Note 2: by using a heavily nested TEA setup, your code is bound to end up having a whole bunch of large-ish case of statements in all of those update functions. While the impact of each of those on its own won't be huge, the combination of them will make things perceivably slower to compile.

Multicore Linux systems and CI (Travis, CircleCI, ...)

The Elm compiler can, in some cases, suffer from heavy parallelization. On CI systems like Travis and Circle CI, it's advisable to use sysconfcpu to limit to one or two cores. A secondary avenue (setting flags to influence the parallel GC settings of the haskell runtime) is also being investigated

Webpack

When using webpack, you'll want to check 2 things:

  • maxInstances flag; which - in the most recent version of elm-webpack-loader - is set to 1 by default. On older versions, you'll want to check if setting this to 1 has influence on your compile times.
  • If you're running on linux, the "multicore linux issue" may also apply. To use sysconfcpu while using elm-webpack-loader you can create a wrapper script and use that as your elm-make path using ?pathToMake=scripts/elm-make-wrapper
#! /bin/bash

sysconfcpus -n 2 elm-make "$@"

Note that you can use a similar trick for elm-test, which also accepts a path to elm-make.

Many imports, interlinked module structure

When module A imports module B, every time module B needs to be recompiled will result in module A also being recompiled. Note that this also counts for transitive dependencies. A -> B -> C (so A depends on B depends on C) means that any change to C will recompile B and A as well).

By having highly interlinked modules, that means loads of files need to be recompiled whenever any file is touched.

As far as compilation speed is concerned, a very flat module-hierarchy is what you should aim for. As an added bonus, this tends to lead to nicer code than highly-nested TEA.

Many small files

In addition to the above, every extra file has some constant overhead on the compiler. If code that lives in three files, could live in a single file without impeding reusability and without making it possible to break invariants your code needs to maintain, this may just be a case of over-eagerly splitting things up.

Evan's talk is a great resource for understanding "the life of a file".

Lacking type signatures

This is unlikely to play a significant role, but adding type signatures everywhere is a good idea in general.

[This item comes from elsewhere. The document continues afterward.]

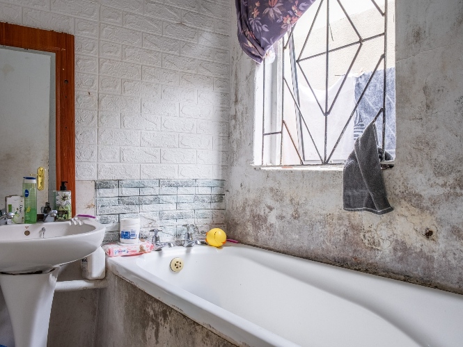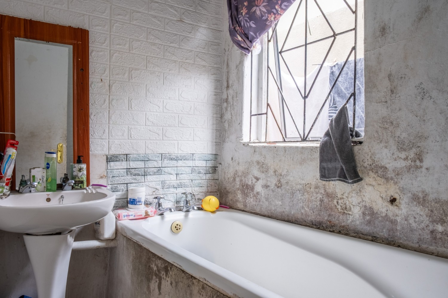 The main house features two comfortable bedrooms, a welcoming lounge, complete with tiled flooring, a well-sized kitchen, and a full bathroom fitted with a bathtub, basin, and toilet. It is the perfect size for a small family or couple looking for a cozy space to call home.

Things that do not impact performance

  • import X exposing (..) vs import X exposing (foo) vs import X
  • probably other things but having a hard time coming up with something
@zwilias
Copy link
Author

zwilias commented Sep 11, 2017

Some notes on how elm-make decides which files to compile, i.e. the "planning" phase:

The module structure in Elm can be expressed as a directed, acyclic graph. For example, consider 3 files:

module Main exposing (..)

import Model exposing (..)
import View exposing (..)
[...]
module Model exposing (Model, init)

[...]
module View exposing (view)

import Model exposing (Model)

These dependencies can be expressed as a graph like so:
image

The arrows express a dependency: Main imports View, so Main depends on the API of View. Changes to the API of View may impact Main.

Now, in this setup; any change to View will result in both View and Main being recompiled. Imagine I changed the signature for the view function, now compilation of Main should fail. Similarly, changing Model requires recompiling both View and Main.

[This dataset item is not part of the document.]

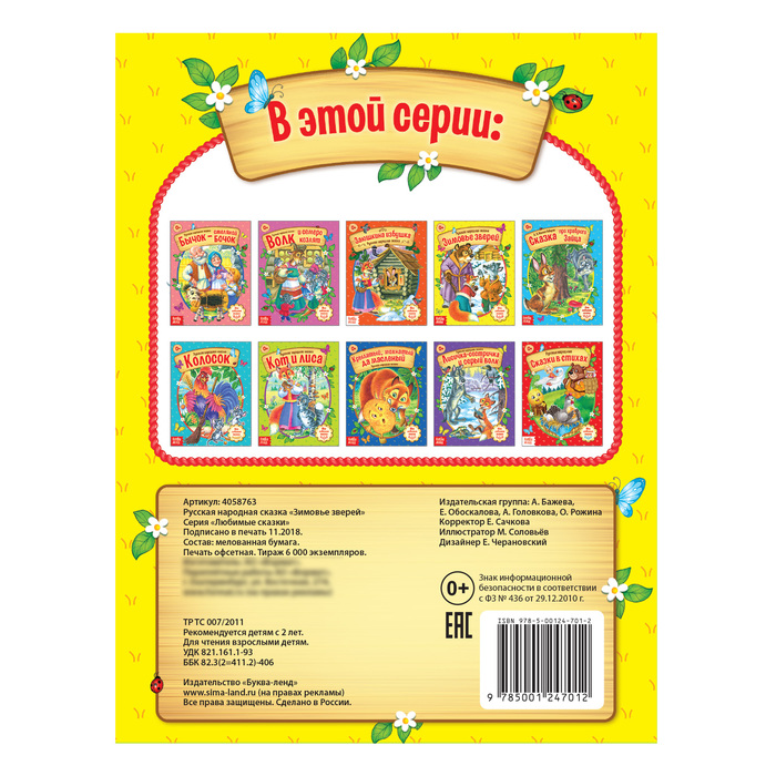 Технические характеристики Русская народная сказка «Зимовье зверей», 12 стр.

Conversely, changing Main does not necessitate recompiling View or Model.


The first step of the planning phase is to create this graph. For each entrypoint, its dependencies are added to the graph, and this happens recursively until there are no more dependencies to add. Since cyclic imports in Elm aren't allowed, this results in a DAG.

Next step is checking if a module needs to be recompiled. A module will be added to the list of modules that need to be compiled when:

  • it hasn't been compiled before (no corresponding interface file)
  • it was changed since it was last compiled (last-modified time of source file > last-modified time of interface file)
  • it depends on a module whose interface-file was created after the interface file of the module itself (*)
  • it depends on a module that needs to be recompiled according to the above rules

During this processing, the information is transformed into a list where each item represents a module and its "blockers" - modules imported by this module, that need to be compiled.

Compilation is then a simple process of looping through this list, searching for a module where blockers is empty, and compiling that. After successfully compiling a module, it is removed from all blockers, and the process starts all over.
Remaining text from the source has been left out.